— On s’en fout à un point que vous n’imaginez pas ! contresigna Adalbert. On ne rentrera pas à Paris sans elle !
Et puis ce fut le silence. Comprenant qu’il se jouait entre les trois hommes une sorte de tragédie où personne n’avait le droit de s’immiscer, Verdeaux vida son bureau en poussant devant lui ceux qui n’avaient rien à y faire, puis referma la porte.
Soudain, Langlois, qui se tenait appuyé des deux poings sur la table, se redressa et fit face aux deux belligérants :
— Vous croyez que je ne l’apprécie pas, elle aussi ?… Bon ! Il me faut vous présenter mes excuses. Sincères ! La mort de Sauvageol, mon élève préféré depuis que Lecoq fait son service militaire, m’a mis hors de moi. J’aurais pu m’en prendre à la Terre entière ! C’est tombé sur vous, Morosini ! Je vous en demande pardon !
Et, sans plus hésiter, il tendit une main large ouverte qu’Aldo serra vigoureusement. Puis ce fut le tour d’Adalbert.
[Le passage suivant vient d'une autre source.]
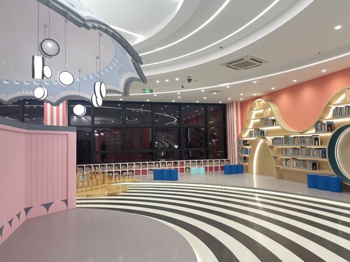 粉红、粉蓝相间的彩色空间,如果不是周围环绕着书架,它看起来更像是个儿童乐园。更有趣的是,在这里,轻声共读成了被允许甚至提倡的事。
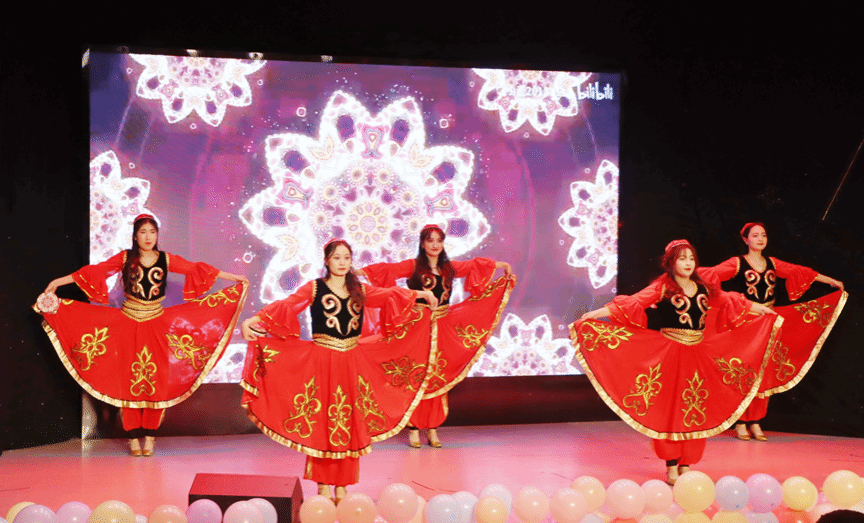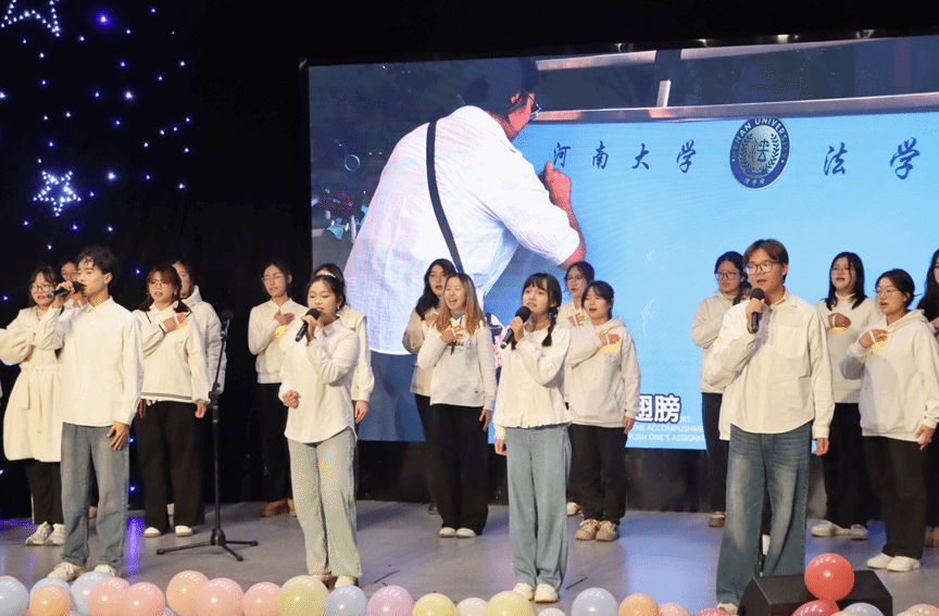 小品相声节目令人捧腹大笑,普法情景剧则以幽默风趣的形式引导同学们树立正确的金钱观与价值观,节目《八十一难》的别样西游,更是向同学们展示了与众不同的西游趣事。一支新疆舞蹈《手鼓舞》,来自新疆的同学们舞步激情四溢,明媚而自信,花一般绽放的裙摆舞出文化交融的盛况。国基律师事务所的胡大宽律师歌声高亢而嘹亮,一首《北京颂歌》唱出对伟大祖国的热爱与祝福。

— Voilà qui est fait ! fit celui-ci avec satisfaction. Et si on se mettait au boulot ? Était-il réconfortant, le déjeuner de la Sous-Préfecture ? Ou alors le titre de Son Excellence vous a-t-il encore cassé les pieds ?
Le policier se mit à rire :
— Vous ne pouvez imaginer à quel point. La Sous-Préfète en pleurait presque de désappointement ! Une belle leçon d’humilité, ce déjeuner !
— Avant de repartir, acceptez une invitation chez Mme Verdeaux ! Il ne doit pas exister dans toute la Franche-Comté de chef qui lui vienne à la cheville. Mais revenons à ce qui nous occupe : ce que je redoute dans cette histoire de récompense, c’est que nous soyons submergés par un déluge de renseignements vrais ou faux ! Sans compter ce qui peut déborder de la frontière suisse. Elle n’est pas loin.
— D’abord il faut en priorité prévenir la douane ! affirma le capitaine Verdeaux qui venait de reparaître. Dans la ville, l’annonce va se propager à la vitesse d’un feu de brousse…
Ce fut ce qui se produisit. En un peu plus d’une heure, tandis que Langlois et Durtal regagnaient Paris escortant le corps de Gilbert Sauvageol, une onde d’excitation parcourait Pontarlier, où chacun s’efforçait de rassembler ses souvenirs, persuadé d’avoir vu ce visage – peu ordinaire, il faut l’avouer ! – à tel ou tel endroit.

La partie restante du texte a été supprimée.